LeetCode 75. Two problems a day, starting April 25, 2024.
To further motivate consistency and completion of this, I’ve decided I will do write-ups for all of these problems and perhaps publish them on my blog. Let’s see.
This is Part 5 - Hash Map / Set.
5.1 Find the Difference of Two Arrays
Question
Given two arrays, find both set differences of the two arrays (A-B and B-A).
Solution
We can find a solution for A-B, and use the same one for B-A.

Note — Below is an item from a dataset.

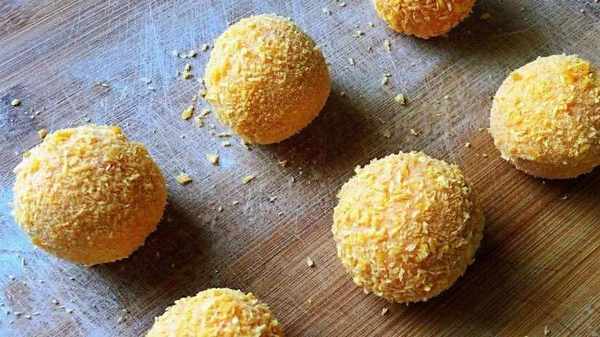 然後把揉好的面團分成很多小面團,一個一個揉成紅薯球。紅薯球做好後,可以準備一些面包屑或者椰絲,然後撒在紅薯球上,這樣紅薯球就被包裹住瞭。可以根據自己的口味決定面包屑或椰絲。如果喜歡吃甜一點的,可以在和面的時候在面團裡加一點糖。紅薯球做好後,就可以下油鍋炸瞭。金黃後取出,味道很好。

A naive way of finding set difference is to search through the subtrahend B for each element in the minuend A (are these the correct terms to use here?). If we don’t find a match, that element from A is part of the result set A-B. Note that we need to return a set as the result, so it cannot have duplicates, so we need to deduplicate the result we find from the naive search too (sorting or hashset). This would have a time complexity of O(N*M)
.
We can use a hash set to store the unique occurences of B, and then iterate through A, checking for a match in B’s hash set. If we don’t find a match, we add it to the result hash set A-B. This gives us an O(N+M)
time solution with O(M)
auxiliary space complexity (A-B is part of the result).
We can also sort B, and then iterate through A to find matches in a sorted B using binary search. Each search would be O(logM)
, so overall time complexity would be O(N*logM + M*logM) = O((N+M)logM)
(NlogM
for searching A’s elements, and MlogM
for sorting B). Again deduplication would be required (or use hash set of A to begin with).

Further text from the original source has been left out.